The Baksa killings, Bodo factions and Narendra Modi’s Northeast policies.
If the initial first few overs are anything to go by, then Prime Minister (PM) Narendra Modi’s opening spell in the Northeast has been disappointing. It is not unfamiliar territory for him; he has worked here earlier.
His dramatic election campaign and “quit Bangladeshi” notices had managed to grab some attention. But what has happened in the Northeast following Modi’s coronation? And why have these events failed to elicit an adequate response from the mainstream media?
In the same month that Modi became PM, Baksa, a district in Lower Assam suddenly turned bloody. In May, the district counted 50 dead bodies of Muslims killed, allegedly, by a splinter Bodo militant group called National Democratic Front of Bodoland-S. The dead are all civilians, including several children.
A few days ago, four more bodies were recovered. With virtually no provocation, an armed group that had earlier called for a ceasefire went berserk, killing Muslims and extorting from Hindu residents. Every day, there is news of abduction, a disappearance or a killing. Meanwhile, the state’s Home department gave the flimsiest excuse for the killings. They said Baksa is forested and since the villagers are residing inside the forest, it is difficult to control the area with a limited police force.
No minister from the Modi government has visited Baksa yet. Has this been highlighted?
In 2012, riots in the same area and around the same time killed more than a 100 people and displaced a few lakhs. The majority of the victims were Muslims. This is not as complicated an issue as it’s made out to be. It all started with land ownership and wet rice cultivation back when Muslims owned land and the Bodos were forest dwellers.
Since 1967, the Bodos have been demanding a separate state. Initially, they called it Udayachal, but later rejected the Sanskrit word for Bodoland. Two armed groups ran amok for decades, killing people at will and pushing lakhs of people out of what they claim is their land. One group – Bodo Liberation Tigers (BLT) joined the political system and they run the autonomous council. The other group, National Democratic Front of Bodoland (NDFB) is negotiating for their pound of flesh. The third one, NDFB (Songbijit) was created from the second and is still underground, carrying out these killings.
The Bodo leadership managed to get autonomy under the 6th Schedule though it was strongly resisted and contested by non-Bodo groups residing there. The statehood demand is also facing tough opposition. Muslims are its strongest opponents and that is why they are the targets of successive rounds of violence. (There is a conspiracy theory too, of an inner-party feud within the Congress fuelling this divide to discredit the government.)
The worrying question is whether it has the tacit approval of other sections and political parties, given that Assam politics has rested heavily on the illegal Bangaldeshi migrant issue and these victims are often identified as migrants, which is not entirely correct.

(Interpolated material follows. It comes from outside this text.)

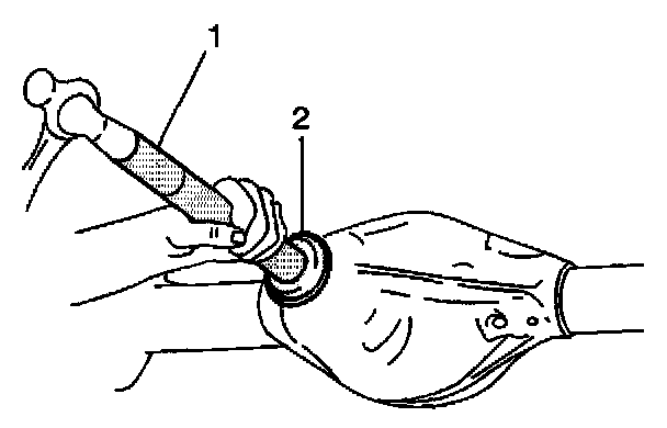 1. Install the outer pinion bearing cup using the J8611-01 (8.6 inch axle) (2), or the J7818 (9.5 inch axle) (2) and the J8092 (1).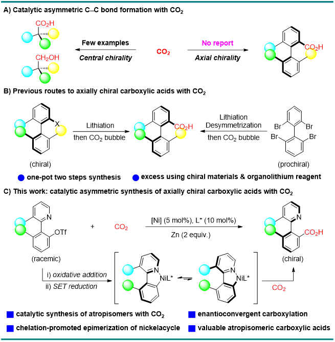 二氧化碳(CO2)作为一种储量丰富、无毒且可循环再生的碳资源,其高效利用对于推动可持续发展具有重要意义。通过化学转化将CO2转化为高附加值的羧酸类化合物是实现CO2资源化利用的重要途径之一。在众多转化方法中,过渡金属催化CO2参与的不对称碳-碳成键反应可以绿色精准地合成高附加值手性羧酸衍生物,因此备受瞩目。然而,由于CO2与过渡金属配位能力弱、反应活性低、质子化和脱羧副反应的干扰等原因,当前过渡金属催化CO2的参与的不对称碳-碳成键反应成功例子较少,且主要局限于中心手性的构建。另一方面,虽然轴手性羧酸类化合物是一系列天然产物和生物活性分子的重要母核结构,也被广泛应用于手性催化剂的创制,但是其合成目前面临着合成步骤繁琐、需要使用当量的手性试剂和敏感的有机金属试剂等问题,其不对称催化构建面临较大挑战。因此,开发一种新型高效的催化体系实现CO2参与轴手性羧酸类化合物的构建具有重要意义。

The second most important signal that the Modi government has sent out on its Northeast policy is that it has no policy; it has only dumped the inconvenient governors to Northeastern states. So Kamla Beniwal from Gujarat gets Mizoram. Sheila Dixit in Kerala was asked to go to Nagaland. For years, the Indian government pursued an unwritten policy of posting ex-generals and retired IPS officers as governors to the Northeast. Modi has done away with that, but made it worse: a dumping ground. Why on earth would a Northeast posting sound like a punishment to Modi unless he too stereotypes it as an island where people are exiled.
This also points to a tactical error from the I-know-it-all PM. The Governor’s office is a very critical constitutional post. In fact, in the 5th Schedule and 6th Schedule areas, the Governors play pivotal roles that have been affected grievously because of random Governor appointments. One expected Modi to have seized the opportunity to restructure this systemic failure and take the gubernatorial responsibility much more seriously. The callousness of this move is a disappointing reminder that nothing may have changed despite electing a strong new government. They are as myopic as the previous ones – they have no vision and they fail to notice people and places far from the Centre.
(For those journalists who followed the last details of Muzaffarnagar riots and think Baksa is too far, a train ticket will cost you around 600 rupees only.)